P.E.I.’s Eddie MacKenzie rink looking forward to entering the bubble at the Tim Hortons Brier (Guardian)

Although this year’s Tim Hortons Brier Canadian men’s curling championship will be like no other, the Eddie MacKenzie-skipped rink is still looking forward to representing Prince Edward Island against the country’s best men’s teams.

MacKenzie, third Tyler Smith, second Sean Ledgerwood and lead Ryan Lowery will open the round-robin schedule in Calgary on Saturday afternoon.  Aaron Bartling of Alberta will join Team P.E.I. as its alternate player. Bartling, who has won a Canadian firefighters curling championship, will also be making his Brier debut.


Eddie MacKenzie intently follows his shot during the Tankard P.E.I. men’s curling championship in O’Leary in January. MacKenzie will skip P.E.I.’s representative at the Tim Hortons Brier Canadian men’s curling championship in Calgary, March 6-14. – Jason Simmonds

“It’s always exciting (to go to a Brier),” said MacKenzie, 48. “For us, it’s like going to the NHL or whatever. It’s enjoyable to get there. It will be a little different this year without the fans.”  Team MacKenzie, which lists the Montague Curling Club and the Crapaud Community Curling Club as its home clubs, swept the Blair Jay rink from the Silver Fox in Summerside in the best-of-five Tankard provincial men’s championship in O’Leary in January.

“It will be nice to make the second pool and try to get through the first one,” said MacKenzie. “Anything can happen if you go on a run.”

MacKenzie acknowledged there are no easy opponents at the Brier. He said Team P.E.I. has been working hard to prepare and has been fortunate to train on Larry Richards’s ice at the Montague Curling Club.
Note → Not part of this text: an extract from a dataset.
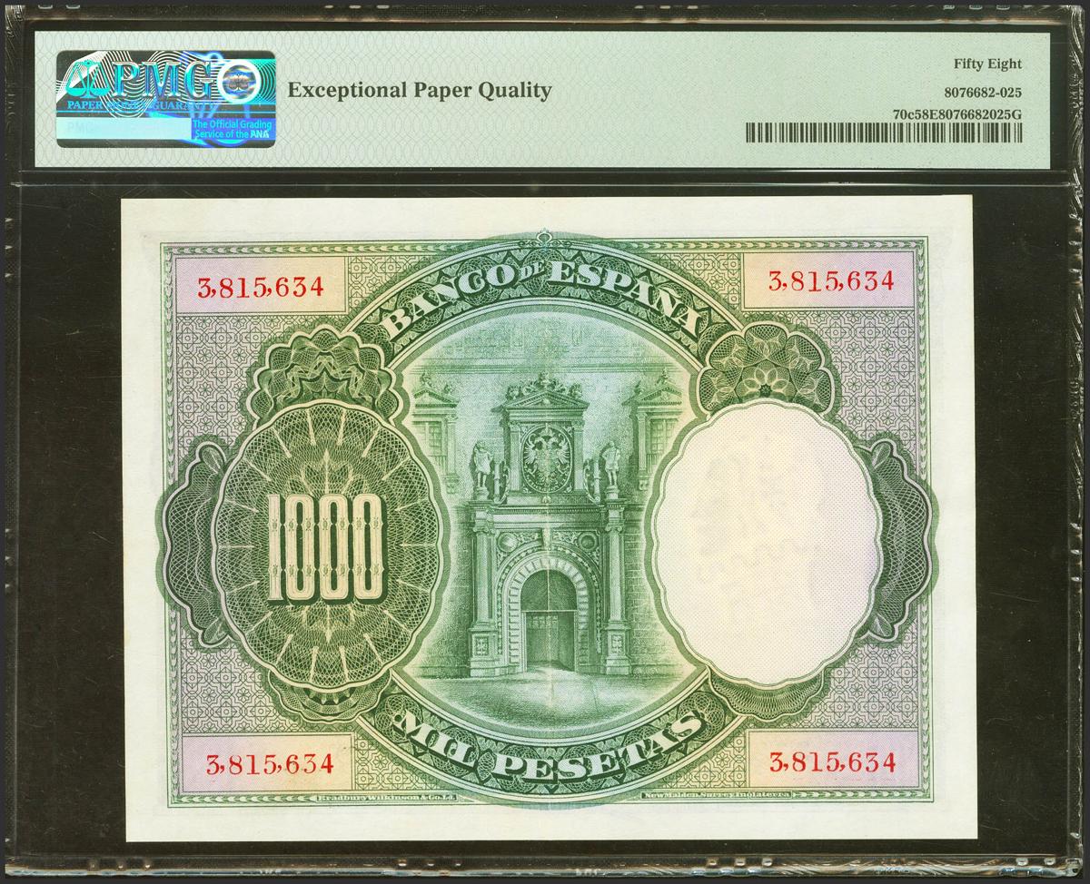 1000 Pesetas. 1 de Julio de 1925. Sin serie y numeración posterior al 3646000. (Edifil 2021: 351, Pick: 70c). Inusual en esta calidad, apresto original. EBC+++. Encapsulado PMG58EPQ.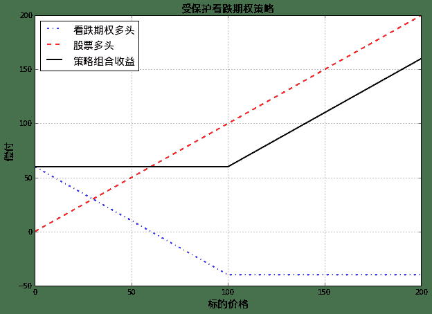 pylab.legend([u'看跌期权多头',u'股票多头',u'策略组合收益'], prop = font, loc = 'best')

He described Montague’s ice as essentially Brier condition.

Tyler Smith, third with the Eddie MacKenzie rink, releases a shot while lead Ryan Lowery, left, and second Sean Ledgerwood handle the sweeping. The action took place during the Tankard P.E.I. men’s curling championship in O’Leary in January.- Jason Simmonds

Lowery and Smith will be making their debuts at the Brier, but both are no strangers when it comes to competing in Canadian curling championships. Smith has played in six national junior events, including five as a skip. Lowery was Smith’s lead for three of those championships.

Ledgerwood, who works with the provincial government’s Department of Environment,  said it is always fun to watch players in their first Brier experience. He predicted a memorable experience for Lowery and Smith.